(REQUIRED WORK) Retype only what runs from the beginning of the data through the line with "Prachtige Papaya Art"; please omit the pictures and keep every line exact.

(DATA SECTION)
"""

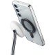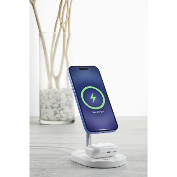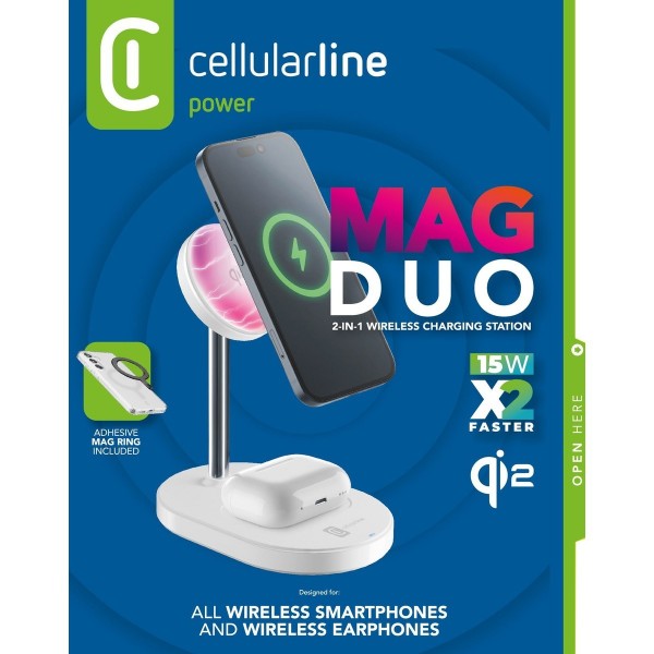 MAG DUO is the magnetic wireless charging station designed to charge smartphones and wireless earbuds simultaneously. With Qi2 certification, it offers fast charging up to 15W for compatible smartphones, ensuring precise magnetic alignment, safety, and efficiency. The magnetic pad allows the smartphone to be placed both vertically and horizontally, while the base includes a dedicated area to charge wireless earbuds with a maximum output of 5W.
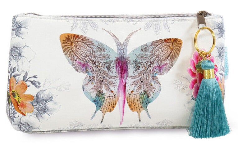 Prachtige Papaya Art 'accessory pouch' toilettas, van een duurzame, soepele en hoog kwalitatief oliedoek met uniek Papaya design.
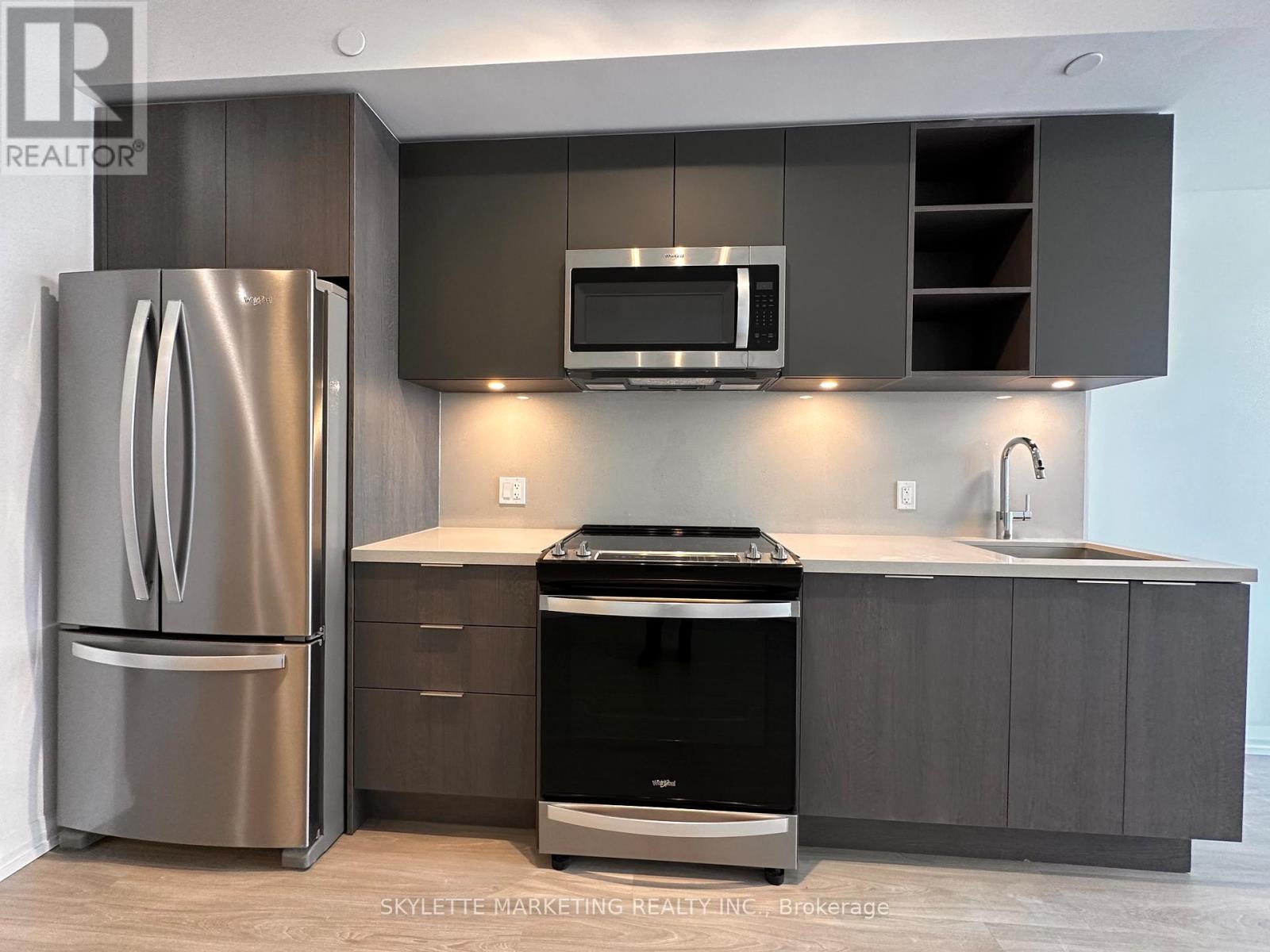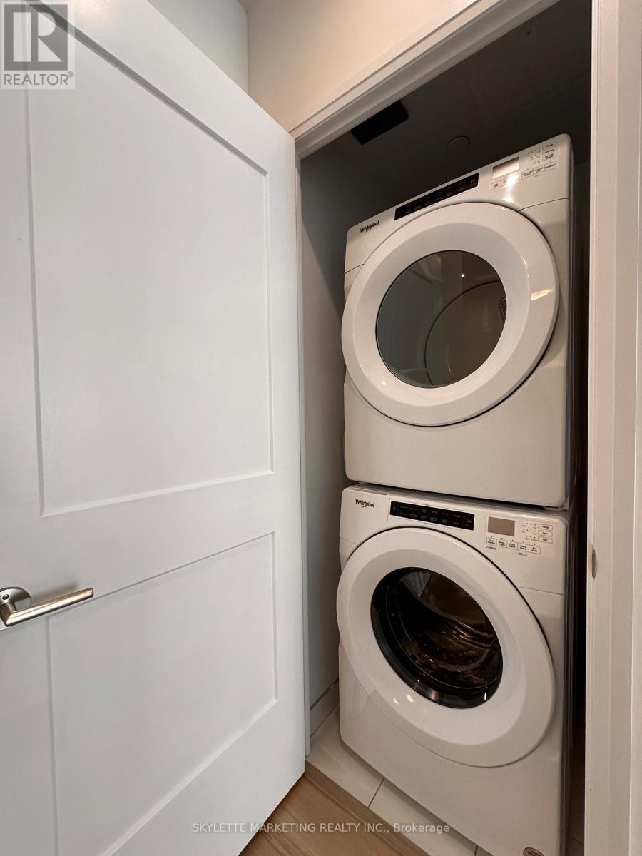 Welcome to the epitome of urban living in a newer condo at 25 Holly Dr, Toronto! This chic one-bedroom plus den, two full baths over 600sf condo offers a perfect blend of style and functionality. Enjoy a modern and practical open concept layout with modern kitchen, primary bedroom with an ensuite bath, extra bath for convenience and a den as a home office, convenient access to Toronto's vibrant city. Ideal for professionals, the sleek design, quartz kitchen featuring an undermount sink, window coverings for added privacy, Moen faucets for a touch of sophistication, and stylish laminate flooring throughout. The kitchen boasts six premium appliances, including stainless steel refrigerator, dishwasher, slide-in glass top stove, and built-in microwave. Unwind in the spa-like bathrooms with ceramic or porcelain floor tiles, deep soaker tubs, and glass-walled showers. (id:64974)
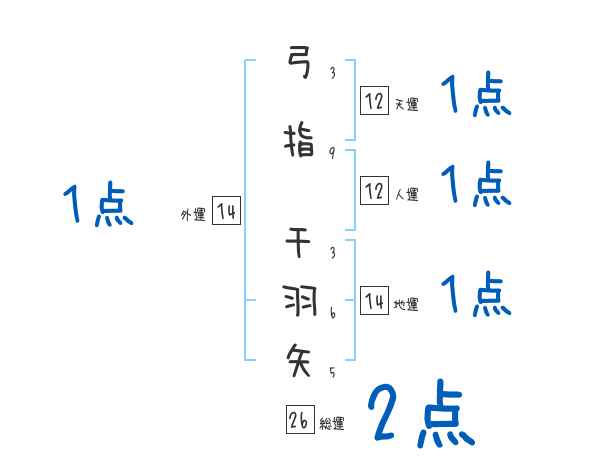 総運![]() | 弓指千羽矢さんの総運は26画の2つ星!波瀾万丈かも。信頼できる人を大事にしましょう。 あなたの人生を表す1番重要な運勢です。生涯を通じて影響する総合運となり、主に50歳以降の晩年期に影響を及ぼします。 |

"""

(REPLY TO THE EXERCISE)
 MAG DUO is the magnetic wireless charging station designed to charge smartphones and wireless earbuds simultaneously. With Qi2 certification, it offers fast charging up to 15W for compatible smartphones, ensuring precise magnetic alignment, safety, and efficiency. The magnetic pad allows the smartphone to be placed both vertically and horizontally, while the base includes a dedicated area to charge wireless earbuds with a maximum output of 5W.
 Prachtige Papaya Art 'accessory pouch' toilettas, van een duurzame, soepele en hoog kwalitatief oliedoek met uniek Papaya design.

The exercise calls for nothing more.